Je ne sais si on les jouait dans ce cas-ci: je ne suis autorisé ni à en douter, ni à le croire, mais je suis certain qu'on les connaissait trop bien l'un et l'autre pour être leurs dupes. Ils ne le croyaient pas, car le propre de la vanité est de s'abuser.

Quoi qu'il en soit, M. Fouché ne pouvait manquer d'observer qu'à Paris la maison de Bourbon perdait tous les jours, et qu'une révolution était d'autant plus probable, qu'elle était plus facile; il avait eu des communications avec Vienne, et ne songea qu'à profiter d'un nouveau désordre pour se faire personnellement une meilleure position.
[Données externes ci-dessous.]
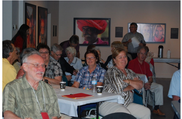
Une partie des membres présents à l'Assemblée annuelle au Musée des religions.

Une journée agréable et bien remplie, qui se termine par un souper copieux à l'auberge Godefroy. Tous et chacun furent ravis et, sous les embrassades, se dirent " à l'an prochain ".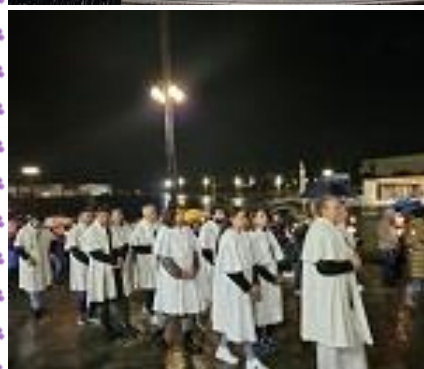
Naši muškarci i žene u procesiji

En conséquence, il commença à faire pratiquer de jeunes généraux parmi ceux qui avaient été conservés en activité de service et qui commandaient des troupes. Il eut soin de choisir les plus susceptibles d'exaltation, de leur peindre les malheurs dont le pays était accablé, et de leur faire observer que de braves gens comme eux ne seraient jamais considérés par un gouvernement qui ne s'entourait que de vieille noblesse; qu'enfin ils devaient s'attendre avant peu à être renvoyés.
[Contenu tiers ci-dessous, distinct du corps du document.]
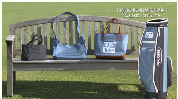
8月11日(木)23:00-23:30/真弓&勝成のExpertGOLF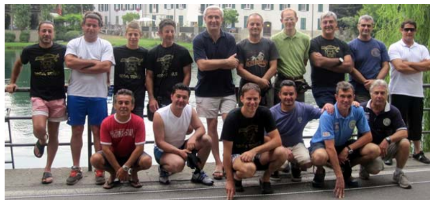
Alcuni dei sub e organizzatori

Bottiglie, piatti e vasi in ceramica, pneumatici, tegole, tubi in ferro, sdraio prendisole, un braccio meccanico motore e una batteria per auto, un "completo" bagno con water e lavabo. È una vera e propria "discarica" quella che è stata portata a galla dal fondale dell'Adda a Brivio nella mattinata di domenica 8 luglio, grazie all'iniziativa promossa da Pro Loco, Geb, Associazione Pescatori Sportivi, Mato Grosso con l'aiuto di altri volontari e l'appoggio dell'amministrazione comunale.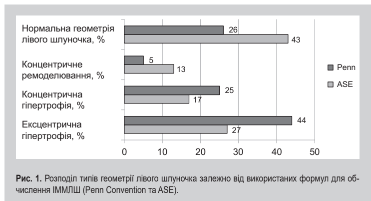
Рис. 1. Розподіл типів геометрії лівого шлуночка залежно від використаних формул для обчислення ІММЛШ (Penn Convention та ASE).

При розрахунку індексу маси міокарда ЛШ за формулою Penn Convention нормальну геометрію лівого шлуночка мали 26 (26 %), концентричне ремоделювання – 5 (5 %), концентричну гіпертрофію – 25 (25 %) та ексцентричну гіпертрофію – 44 (44 %) хворих на ГХ. Розрахунок індексу маси міокарда за формулою ASE дав можливість отримати такі типи геометрії лівого шлуночка в тих самих хворих: нормальну геометрію лівого шлуночка мали 43 (43 %), концентричне ремоделювання – 13 (13 %), концентричну гіпертрофію – 17 (17 %) та ексцентричну гіпертрофію – 27 (27 %) хворих. Індекс маси міокарда ЛШ при використанні формули Penn Convention становив 116,48 \pm 34,12 \text{ г/м}^2 , а при

M. Fouché n'était pas assez connu de ceux à qui il tenait ce langage pour qu'ils jugeassent de ses projets. Ils ne les envisagèrent que d'un côté et fort légèrement; ils reçurent les directions qu'il voulut leur donner.

Ce fut dans ce temps-là qu'eut lieu à Paris l'affaire du général Excelmans. Cet officier était employé dans la première division militaire; le ministre, après l'avoir fait mettre à la demi-solde à cause d'une lettre qu'il avait écrite au roi de Naples dont il avait été l'aide-de-camp, voulut le contraindre à quitter Paris. Excelmans refusa de se soumettre à la décision, et invoqua les dispositions de la Charte constitutionnelle. Comme les esprits étaient mal disposés pour le gouvernement, tout le monde fut favorable à Excelmans, et l'on crut avoir rencontré une occasion d'éclater.

Le ministre de la guerre ordonna l'arrestation du général. Celui-ci s'enfuit et demanda un conseil de guerre; on le renvoya devant celui de Lille, il s'y rendit. Les officiers de la garnison allèrent le chercher en cérémonie pour le conduire à la salle où se tenait le conseil, et le ramenèrent chez lui au milieu des acclamations après le jugement qui l'acquitta. Une telle décision, déjà si grave par elle-même, devint capitale à raison de la disposition où étaient les esprits.

M. Fouché saisit cette circonstance, et en même temps qu'il la commentait pour échauffer les têtes, il faisait entretenir les généraux qui commandaient des troupes hors de Paris. Il se mit en relation de suite avec quelques-uns de ceux qui tenaient garnison dans le nord, et réussit bientôt à les égarer. Il vint ensuite à la garde nationale.

Il avait naturellement action sur elle par M. Tourton. Le général Dessoles, qui la commandait, était d'ailleurs un homme qui avait fait ses preuves en révolution.

De plus, il avait su attirer à lui le général Lallemand, qui commandait une brigade de dragons dans les environs de Laon et Soissons. Il avait dès-lors assez de moyens; il ne s'agissait que de mettre tout cela en mouvement, car ce n'est pas une petite chose que de se déterminer à franchir les bornes du devoir pour se jeter gratuitement dans une démarche criminelle. Fouché le savait mieux qu'un autre: aussi ne mit-il son nom nulle part, et se ménagea-t-il une porte de retraite au besoin.

Il arriva aussi quelques scènes de rues que l'on saisit avidement pour railler la cour.